TET proteins bind various SR proteins and other known splicing factors. For example, the carboxy-terminus of TLS was shown to interact with SR proteins TASR (TLS-associated SR protein; also known as SRp38) and SC35 (Yang et al., 1998, 2000b; Lerga et al., 2001; Shin and Manley, 2002). In addition, TLS associates with SRp75 and SRm160 and with hnRNPs A1 and C1/C2 and PTB (Lerga et al., 2001; Meissner et al., 2003). The carboxy-termini of TLS and EWS were found to interact with YB-1, a splicing activator that may also have a role in mRNA packaging (Chansky et al., 2001).
Interactions between TET proteins and known splicing factors can affect patterns of alternative splicing.
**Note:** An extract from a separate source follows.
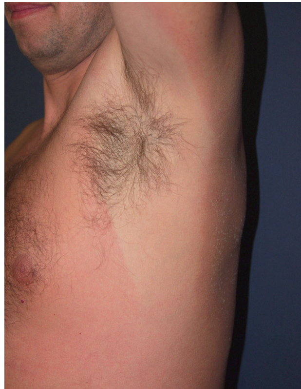
Obr. 8. Erythema solare.

Řada sportovců podceňuje účinnou fotoprotekci. Opakované spálení sluncem (obr. 8) podobně jako i kumulativní UV dávka zvyšují riziko melanocytových i nemelanocytových kožních nádorů. Riziku jsou vystaveni např. cyklisté, běžci, tenisté, veslaři a další. Expozice UV u lyžařů je zvýšena odrazem záření od sněhu a jeho celkově vyšším množstvím vzhledem k menší tloušťce atmosféry ve vyšších nadmořských výškách (18, 24, 25, 28). Zvýšená opatrnost je na místě v případech užívání léků s rizikem fototoxické reakce (tetracykliny, hydrochlorothiazid, amiodaron a další) (10, 24, 30).

Transient transfection of TLS and reporter constructs in HeLa cells showed that TLS overexpression increased production of the 13S and 12S isoforms from an adenovirus E1A pre-mRNA, reflecting preferential use of downstream alternative 5′ splice sites (Yang et al., 1998). However, in an erythroleukemic cell line that lacks the transcription/splicing factor Spi-1, transient expression of TLS and the E1A reporter construct increased the use of the upstream 5′ splice site and thus production of the 9S isoform (Hallier et al., 1998). The differing results observed with TLS may reflect the presence or absence of Spi-1, which can also affect E1A splicing in these assays, and which binds directly to TLS (Hallier et al., 1998). These contrasting results highlight the difficulties in analyzing effects on splicing solely by transient overexpression assays. It will be important in the future to confirm and extend these results using other methods, such as RNAi-mediated knockdowns and in vitro splicing assays, to determine how TET proteins affect alternative splicing and to clarify what interactions are important in different cell types or conditions.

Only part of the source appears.